Babies

I Let Go Of My Elaborate Writing Routine

The short reason: I had twins.

by Susannah Cahalan
Updated: 
Originally Published: 
writing materials, including pen, typewriter, and quill
Blanchi Costela, sundown001, Peter Dazeley, Astrakan Images, Yulia Reznikov/Getty Images

I’ve written three books, and yet writing has never come easily. I agonize over the chasm between what is in my mind and what comes through my fingers. It makes me nervous and doubtful and neurotic about everything — even my hair, which, as far as I can tell, has nothing to do with writing. When working on my first book, I didn’t visit a salon for eight months. The second one kept me away from scissors and dye for two-and-a-half years until my feral hair fell down my back and my dark roots crept past my ears.

My hair doesn’t confer Samson-esque powers of clarity and precision to my writing, so why do I do this? It may come from a bit of superstitious sportsmanship, like the baseball player’s refusal to change socks during a season. It may also be a reaction to the terror of the blank page. Or it’s a way to wrest control and punish myself a smidge.

Deeper into the freewheeling research phase, the landscape shifts and fear sets in. I set earlier and earlier alarms on my phone until I get to 4:30 a.m., which gives me the time I need to get my butt in the seat at my self-flagellating “magical writing hour”: 5:30 a.m. And since I’m not a morning person, I’ve had to test out a variety of torture devices to get myself out of bed: light emitting alarm clocks, vibrations, freezing cold showers, nap schedules inspired by Tim Ferriss’ 4-Hour Body. At one point I tried to sleep only in four-hour increments to get me to the magic multiple times a day. It didn’t go well.

I’ve even used psy-op techniques to torment myself to write. During my second book, I woke up every morning to Wings’ “Let ’Em In.” After months of this, I grew to hate the opening so intensely that I would fly out of bed before McCartney dropped in with, “Someone’s knocking at the door…” So that actually worked.

I tried to train my brain to reach what Cal Newport deems “deep work” mode (part of the ritual is reading lots of tech bro self-help books). Meditation. Breathwork. Prayer. Morning pages. Writing talismans (a cup of dried lavender, a lit candle, my favorite writing book The Modern Library Writer’s Workshop, certain jewelry that shifts with each project, a specific hair clip), mushroom powders, crystals, the list goes on.

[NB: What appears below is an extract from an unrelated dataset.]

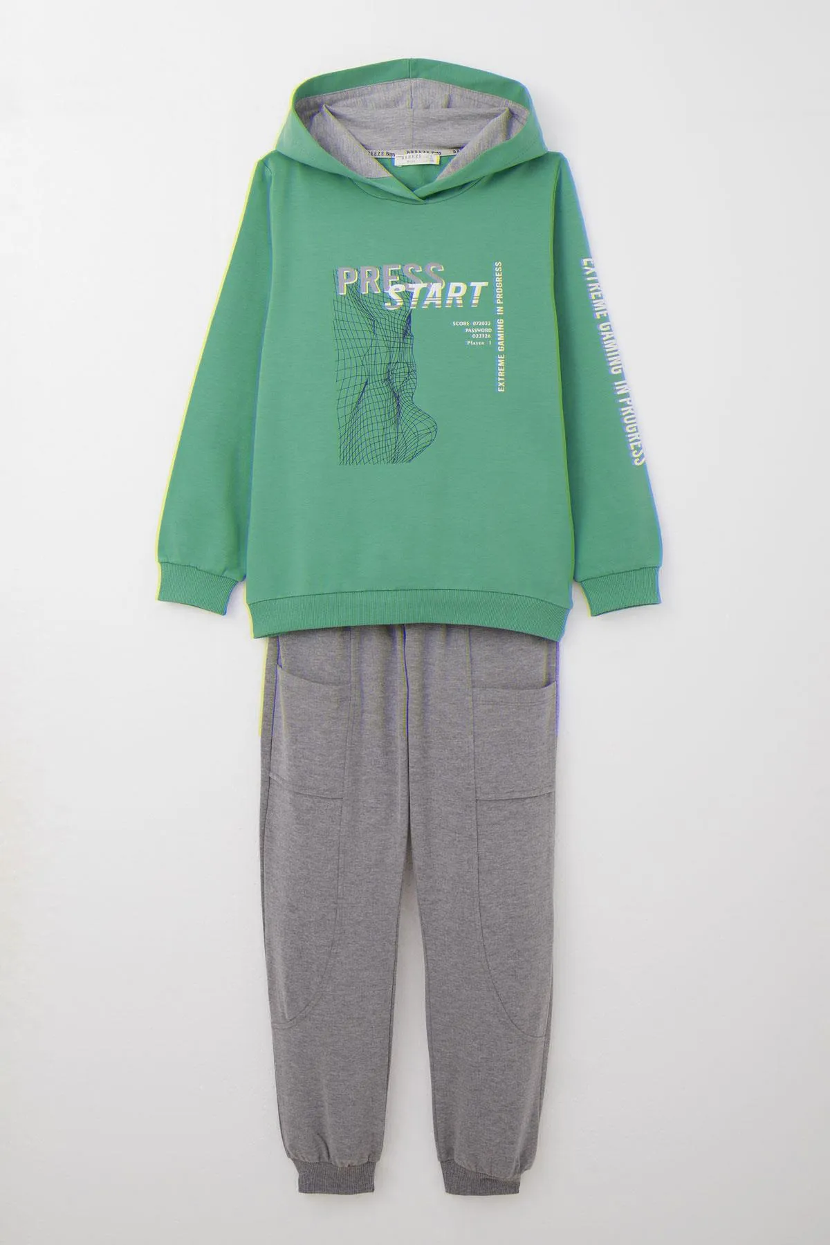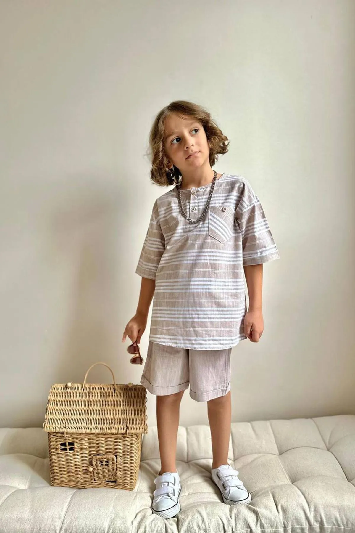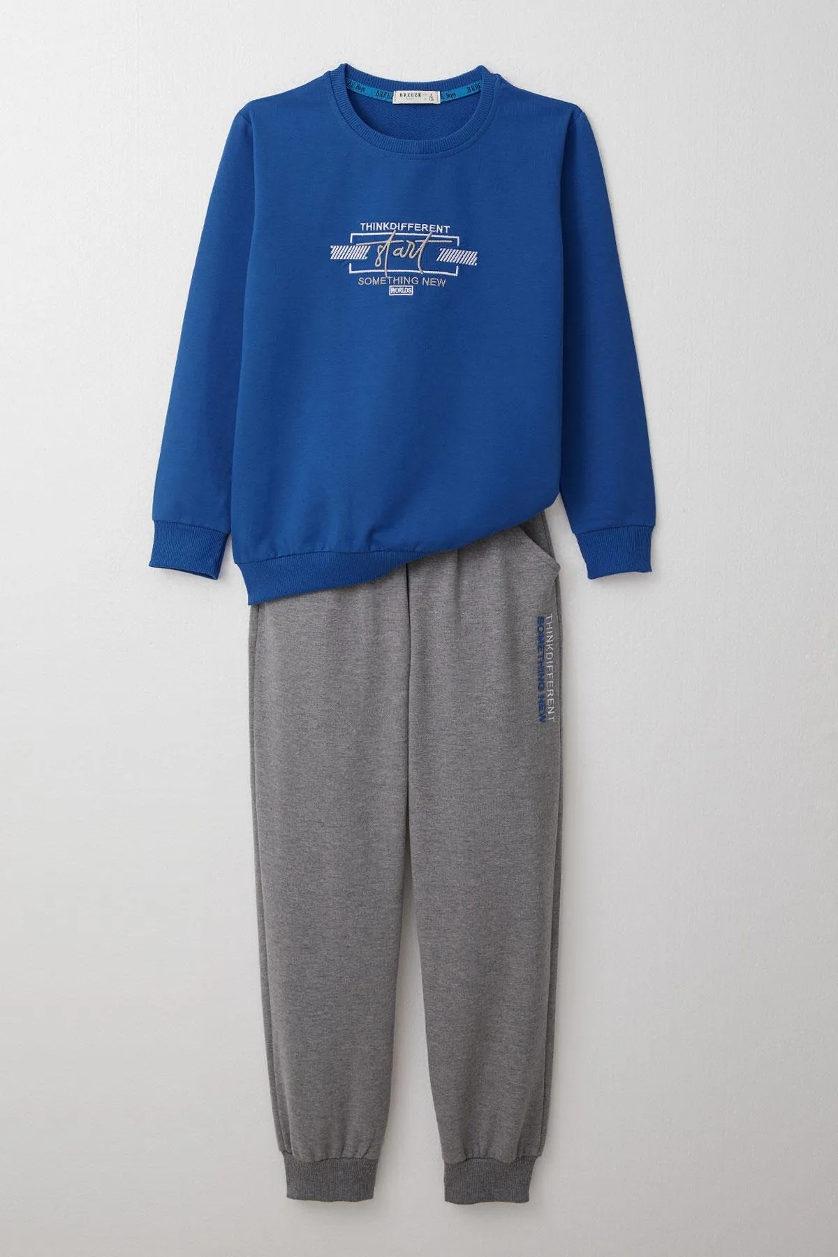 طقم كاجوال مريح للأولاد يتميز بتيشيرت بياقة دائرية وتصميم مطبوع مرح، مصنوع من قطن ناعم 100% لراحة فائقة وتهوية ممتازة. مع بنطال عملي مصنوع من مزيج متين من 66% قطن و34% بوليستر لمرونة الاستخدام مناسب للارتداء اليومي. مثالي للطقس المعتدل والمغامرات اليومية. قابل للغسل في الغسالة على درجة حرارة 30 درجة مئوية.

I started a matcha latte routine during my second book. The specific brewing temperatures, the sifting, whisking, steaming — all for one cup of mildly unpleasant green tea — seemed to be a perfect metaphor for the day ahead.

I haven’t even gotten to the writing part yet. I used Freedom to keep myself from losing time (and then learned how to turn it off, which required another app), Tabata timers to schedule writing blocks, various writing programs for different stages and then ultimately pasting it all into Word and messing with the formatting. I write multiple outlines before I started writing, drafts before I got a complete “first draft,” and dozens of edits before I share with anyone. I won’t bore you with the nitty-gritty. It’s all so self-indulgent.

And then, two years ago, I had twins. Any notion of maintaining a ritual — let alone contorting my life around writing — evaporated; my “ritual” revolves around survival now. When they were 2 months old, I got my edits back on my second book. I snuck away at 9 a.m. after their babysitter arrived, hauled ass to a study space that had the charm of a Staples, where my breast would leak and I would cry, and then returned home to turn back into a mother. No Tabata timers. No matcha lattes. My hair was a mess not because of some superstition and asceticism, but because I had no time. Somehow, I managed to complete the edits in an out-of-body state.

A year later, right at the start of the pandemic, when my kids were beginning to walk, I took on a ghostwriting gig. Now even the writing space was closed, leaving me without child care, only a bed, a lap desk, and crying kids on the other side of a closed door. I stole away any time that was open — during naps and Sesame Street marathons — and finished the book in three months.

I want to say that completing that book so fast proves that I don’t need the other stuff. I want to say that I’ve turned a corner and dropped the vestiges of self-negation and anxiety at the door. That I cut my hair now when I want and wake up at reasonable hours and drink coffee from a Mr. Coffee. I want to say that.

The reality is that I feel lost without those rules and practices. I feel chaotic, undisciplined, vulnerable to the whims of the writing gods, who just might take any ability I have away. I realize how strange this all sounds. But I’m writing this as I’m embarking on a new book — right in the thick of the research stage — and already I have the strong urge to make an appointment with my hairdresser. I have a feeling I won’t be back again for a while.